А позвони мы, между прочим, в один из Союзов - меня бы непременно, как московского гостя - устроили бы в "Свердловку" (ленинградский вариант "Кремлевки"), где бы я и отдал, как говорится в просторечии, концы!
...Меня ввезли на каталке в огромную, человек на тридцать, палату. Все кровати у стен были заняты, и каталку оставили стоять посередине. На какое-то время я провалился в беспамятство - температура в это утро была уже сорок один градус.

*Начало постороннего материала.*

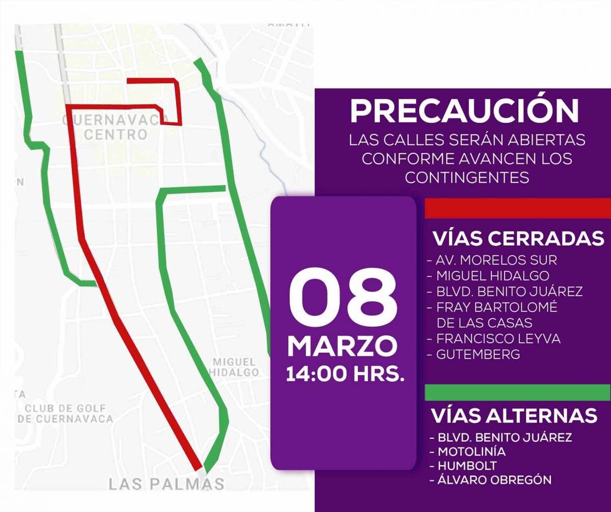La marcha iniciará a las 14:00 horas de este viernes 8 de marzo, iniciando en la glorieta del Niño Artillero, para subir por la avenida Morelos, luego doblar en calle Miguel Hidalgo, luego Gutemberg, para acceder finalmente a la plaza de Armas.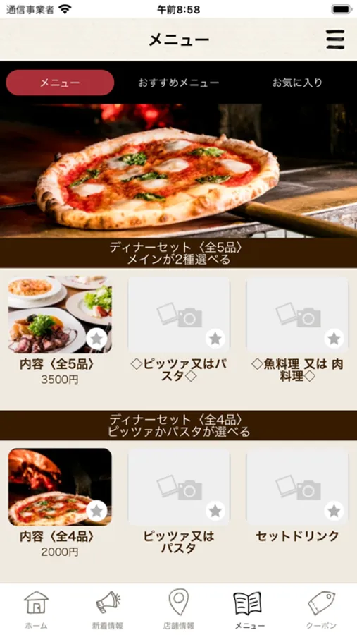 会員登録いただきますと、クーポン利用、お気に入りメニュー登録、利用店舗(お気に入り店舗)登録がご利用いただけます。

Когда я очнулся, я увидел, что у моей каталки стоят двое: седой старик с морщинистым смуглым лицом и раскосыми глазами - это был профессор, заведующий отделением, и его хитроумную татарскую фамилию мне так ни разу и не удалось выговорить правильно; и рядом с ним, тоже пожилая, женщина с широким, добрым и каким-то домашним - я не могу подобрать другого слова лицом.
И именно домашним, а не врачебным движением она положила ладонь мне на лоб, вздохнула и покачала головой.
Профессор наклонился ко мне:
– Сейчас вам сделают обезболивающий укол и отвезут в операционную... Вас будет оперировать наш ведущий хирург - Анна Ивановна Гошкина.
Анна Ивановна покивала мне.
– А почему так сразу?
– спросил я.
– А потому что, голубчик, плохо дело, - чрезвычайно спокойно, как-то даже уютно, сказала Анна Ивановна, - очень плохо дело..
Как ни странно, эти ее слова ничуть не взволновали меня.
Анна Ивановна вообще не принадлежала к породе тех врачейоптимистов, которые, входя в палату, игриво тычут больного пальцем в живот и спрашивают:
– Ну-с, как поживает наш рачок? Напротив, еще много дней после первой, а потом и после второй операции Анна Ивановна, осматривая меня или делая мне перевязку, будет сокрушенно покачивать головой и повторять свое - плохо дело, очень плохо дело!
А дела мои, кстати, были и вправду довольно плохи.